• [Work request]
Images do not belong in the copy. Retype the entries exactly.

########################################

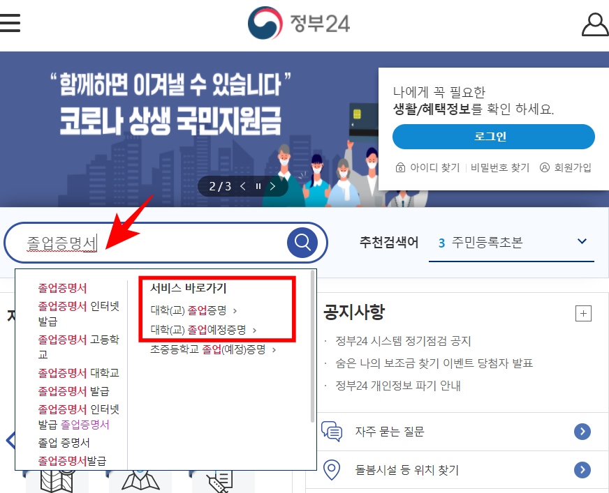 졸업증명서를 검색하면 대학교 졸업뿐 아니라 초중고 졸업증명서도 발급 가능합니다.
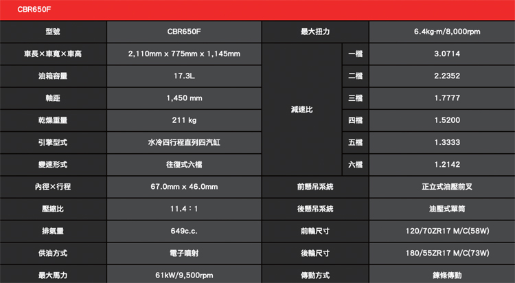 ![]() ▲新四缸的魅力!看起來是跑車無誤,騎起來沒那麼累,可趴可輕鬆。綿密的四缸輸出不管是街道或拼山道都很適合跑車入門者。第四名CBR650F 入門四缸跑車起點 售價:45.6萬元 我個人曾擁有2003年式的CB400SF VTEC Spec II,也就是那台本田的「黃牌小神車」,可惜賣掉後不久黃牌路權開放,價格暴漲買不回來。本田的四缸引擎綿密聲浪真的很讚,當時買CB400中古車就是為了一圓小時候的夢想,然而小排氣量的四缸在低轉速實在很不行,6300rpm才開啟VTEC,綠燈起步先被125cc小綿羊巴假的,拉高轉聲浪高亢才能超過小綿羊。賣掉有些後悔,但我再也不想騎小排量的四缸車了。![]() ▲左側看不到四缸的排氣管,鋁合金後懸臂仍非常亮眼。後移的踏板可做出更大的傾角,雖不是RR等級,會騎的在北宜非常威猛。
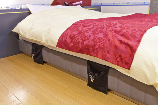 パートナーとのラブタイムは、ムードを壊さずにさり気な〜くグッズを使っちゃお!ベッド脇に設置できる収納ポケット。
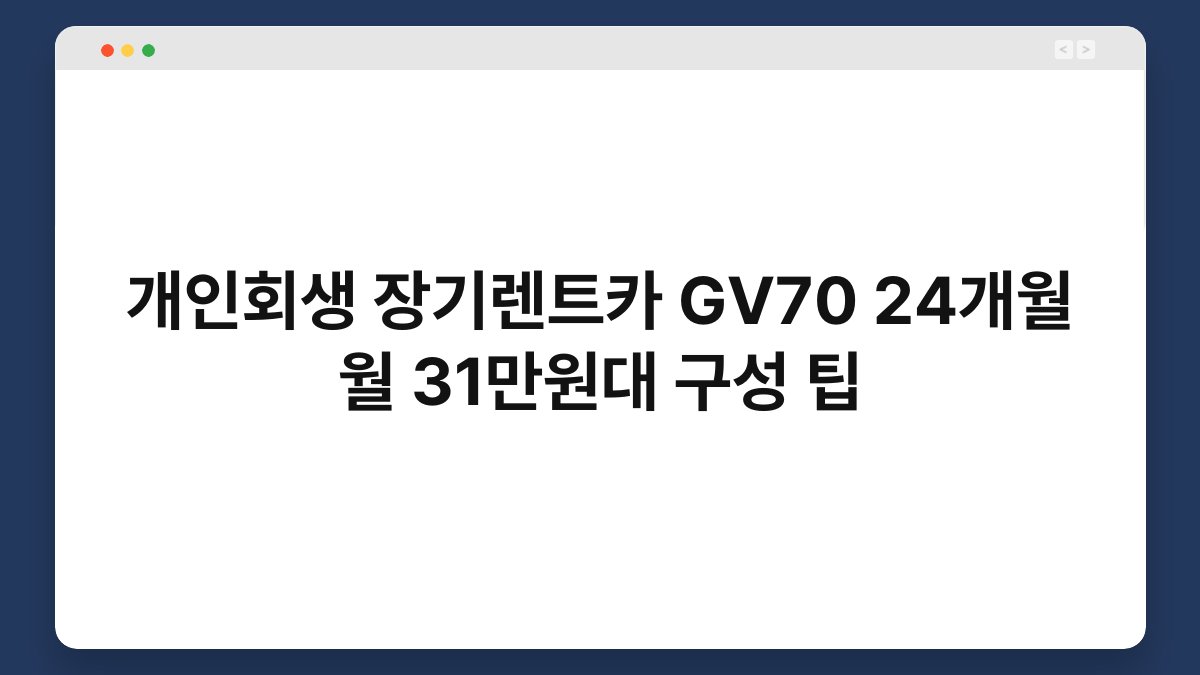 차량을 소유하고 싶지만 재정적인 부담이 걱정되신가요? 개인회생을 통해 신용 문제를 해결하고, GV70을 장기렌트로 이용할 수 있는 방법이 있습니다. 24개월 동안 월 31만원대의 합리적인 비용으로 차량을 소유하는 팁을 소개해 드릴게요. 황제오토플랜과 함께라면 더욱 쉽고 안전하게 차량을 이용할 수 있습니다. 이 글을 통해 장기렌트의 다양한 혜택과 조건을 알아보세요.
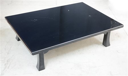 Tavolino da salotto in legno laccato nero lucido. (cm 120x32x84) (lievi...
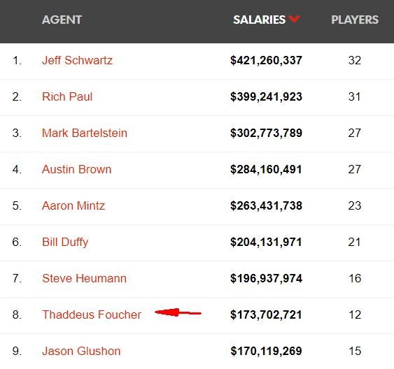 首先,萨德-福切尔在NBA圈内还是颇有名气。在威少和他分手前,福切尔在NBA经纪人的年度排名中位居第八,这份年度排名的标准是经纪人签约球员的总年薪。算上威少,福切尔一共签有12位NBA球员,2022-23赛季的总年薪是1.737亿美元。
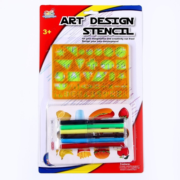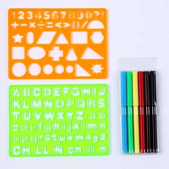 Трафареты «Цифры и фигуры», набор 2 шт., 6 шт. фломастеров
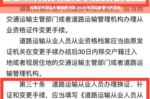答案2021年可以加学分的证书比如各种初级职称,比如初级审计师,初级会计职称,初级经济师职称,全国计算机等级考试二级,三级,四级,大学英语46级都是可以加学分的证书,这些证书要么是不用没有学历要求,要么是只需要高中学历就行,谢谢
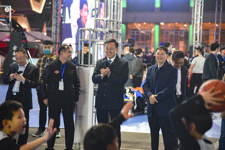 开幕式结束后,参加开幕式的领导嘉宾一同来到比赛场地,观看了U10、U8、三人制篮球赛,观赛过程中,张泽峰局长不时就赛事设置、场地设置、选手年龄等问题向相关人员进行询问,并与场边等待参赛的小运动员亲切交谈,详细了解小队员平时学习、训练、参赛等情况,鼓励小队员积极参加体育锻炼,通过篮球比赛增强身体素质、提升自信心。
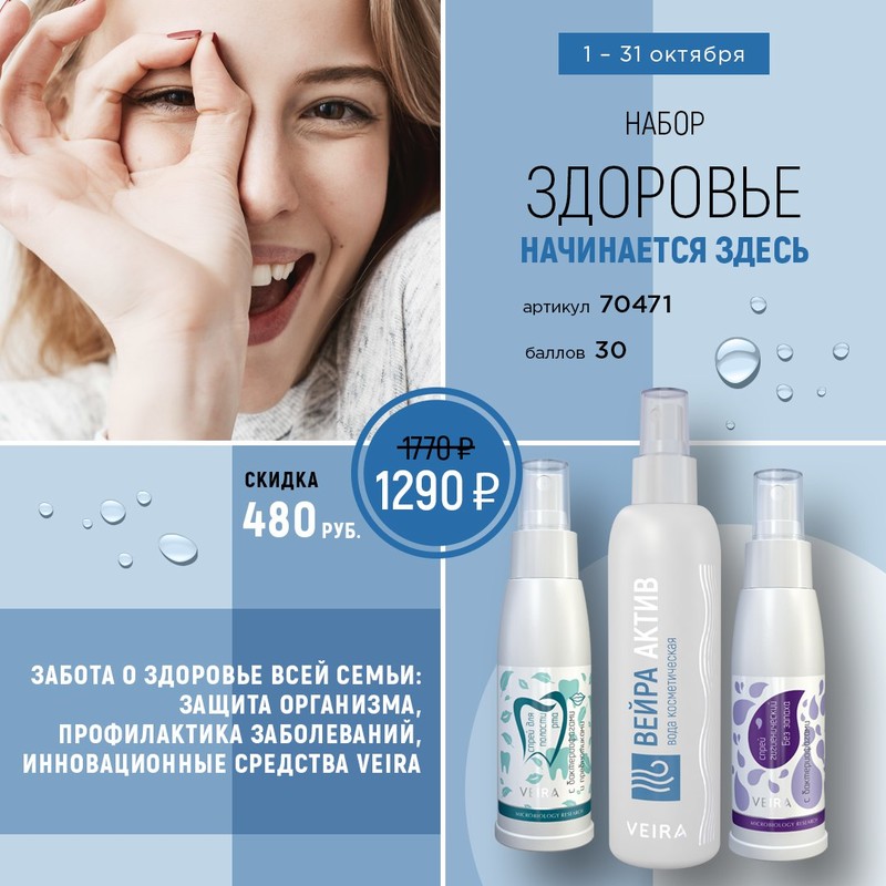 🍃 Весь октябрь набор из трех средств со скидкой 27 %! Приобретайте по цене 1 290 руб. вместо 1 770 руб., пусть эта осень будет здоровой вместе с VEIRA!
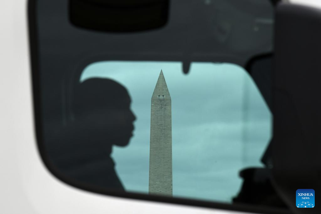 The Washington Monument is pictured through a truck's window in Washington, D.C., the United States, Oct. 12, 2025. The federal government shutdown entered its 12th day. (Xinhua/Li Rui)
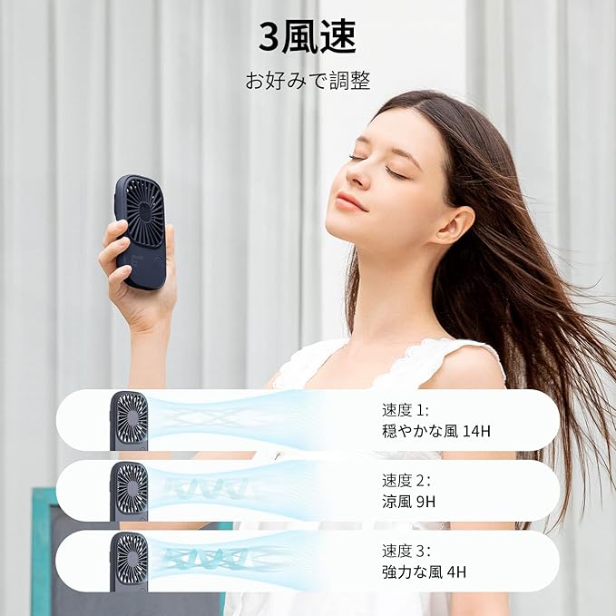 【風速3段階調節】このハンディ扇風機は風速3段階調節が可能です,電源ボタンを押すだけで簡単に3種類の風感を切り替えられます。 弱風は約14時間連続運転、中風は約9時間連続運転、強風は約4時間連続運転です。 (二重に保護するためのセーフティーロックが付属しています。 セーフティーロックを使用する場合は、セーフティーロック解除<ダイヤル「オン」>後、電源ボタンを押してファンをオンにすることを忘れないでください)
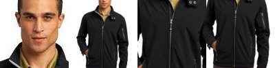 With contrast color detailing throughout, this double-knit jacket is right on trend with moisture-wicking performance and a left sleeve pocket for your phone or MP3 player.
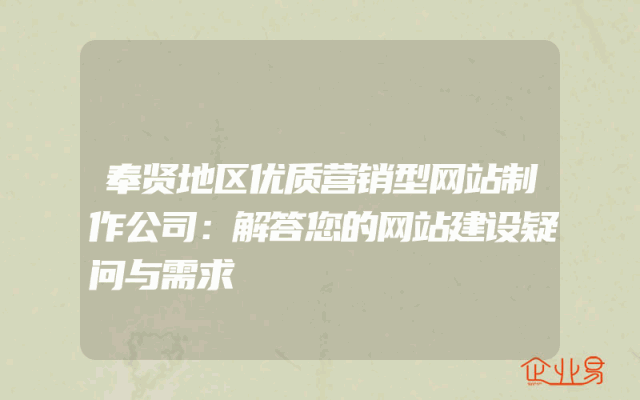 - 奉贤地区优质营销型网站制作公司:解答您的网站建设疑问与需求
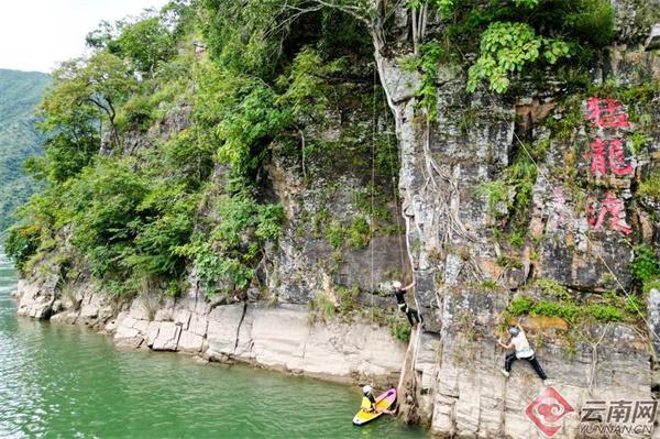 在大理白族自治州南涧彝族自治县公郎镇澜沧江猛龙渡旅游景区,游客体验“攀岩”运动。

########################################

• [Expected answer]
 졸업증명서를 검색하면 대학교 졸업뿐 아니라 초중고 졸업증명서도 발급 가능합니다.
 ![]() ▲新四缸的魅力!看起來是跑車無誤,騎起來沒那麼累,可趴可輕鬆。綿密的四缸輸出不管是街道或拼山道都很適合跑車入門者。第四名CBR650F 入門四缸跑車起點 售價:45.6萬元 我個人曾擁有2003年式的CB400SF VTEC Spec II,也就是那台本田的「黃牌小神車」,可惜賣掉後不久黃牌路權開放,價格暴漲買不回來。本田的四缸引擎綿密聲浪真的很讚,當時買CB400中古車就是為了一圓小時候的夢想,然而小排氣量的四缸在低轉速實在很不行,6300rpm才開啟VTEC,綠燈起步先被125cc小綿羊巴假的,拉高轉聲浪高亢才能超過小綿羊。賣掉有些後悔,但我再也不想騎小排量的四缸車了。![]() ▲左側看不到四缸的排氣管,鋁合金後懸臂仍非常亮眼。後移的踏板可做出更大的傾角,雖不是RR等級,會騎的在北宜非常威猛。
 パートナーとのラブタイムは、ムードを壊さずにさり気な〜くグッズを使っちゃお!ベッド脇に設置できる収納ポケット。
 차량을 소유하고 싶지만 재정적인 부담이 걱정되신가요? 개인회생을 통해 신용 문제를 해결하고, GV70을 장기렌트로 이용할 수 있는 방법이 있습니다. 24개월 동안 월 31만원대의 합리적인 비용으로 차량을 소유하는 팁을 소개해 드릴게요. 황제오토플랜과 함께라면 더욱 쉽고 안전하게 차량을 이용할 수 있습니다. 이 글을 통해 장기렌트의 다양한 혜택과 조건을 알아보세요.
 Tavolino da salotto in legno laccato nero lucido. (cm 120x32x84) (lievi...
 首先,萨德-福切尔在NBA圈内还是颇有名气。在威少和他分手前,福切尔在NBA经纪人的年度排名中位居第八,这份年度排名的标准是经纪人签约球员的总年薪。算上威少,福切尔一共签有12位NBA球员,2022-23赛季的总年薪是1.737亿美元。
 Трафареты «Цифры и фигуры», набор 2 шт., 6 шт. фломастеров
答案2021年可以加学分的证书比如各种初级职称,比如初级审计师,初级会计职称,初级经济师职称,全国计算机等级考试二级,三级,四级,大学英语46级都是可以加学分的证书,这些证书要么是不用没有学历要求,要么是只需要高中学历就行,谢谢
 开幕式结束后,参加开幕式的领导嘉宾一同来到比赛场地,观看了U10、U8、三人制篮球赛,观赛过程中,张泽峰局长不时就赛事设置、场地设置、选手年龄等问题向相关人员进行询问,并与场边等待参赛的小运动员亲切交谈,详细了解小队员平时学习、训练、参赛等情况,鼓励小队员积极参加体育锻炼,通过篮球比赛增强身体素质、提升自信心。
 🍃 Весь октябрь набор из трех средств со скидкой 27 %! Приобретайте по цене 1 290 руб. вместо 1 770 руб., пусть эта осень будет здоровой вместе с VEIRA!
 The Washington Monument is pictured through a truck's window in Washington, D.C., the United States, Oct. 12, 2025. The federal government shutdown entered its 12th day. (Xinhua/Li Rui)
 【風速3段階調節】このハンディ扇風機は風速3段階調節が可能です,電源ボタンを押すだけで簡単に3種類の風感を切り替えられます。 弱風は約14時間連続運転、中風は約9時間連続運転、強風は約4時間連続運転です。 (二重に保護するためのセーフティーロックが付属しています。 セーフティーロックを使用する場合は、セーフティーロック解除<ダイヤル「オン」>後、電源ボタンを押してファンをオンにすることを忘れないでください)
 With contrast color detailing throughout, this double-knit jacket is right on trend with moisture-wicking performance and a left sleeve pocket for your phone or MP3 player.
 - 奉贤地区优质营销型网站制作公司:解答您的网站建设疑问与需求
 在大理白族自治州南涧彝族自治县公郎镇澜沧江猛龙渡旅游景区,游客体验“攀岩”运动。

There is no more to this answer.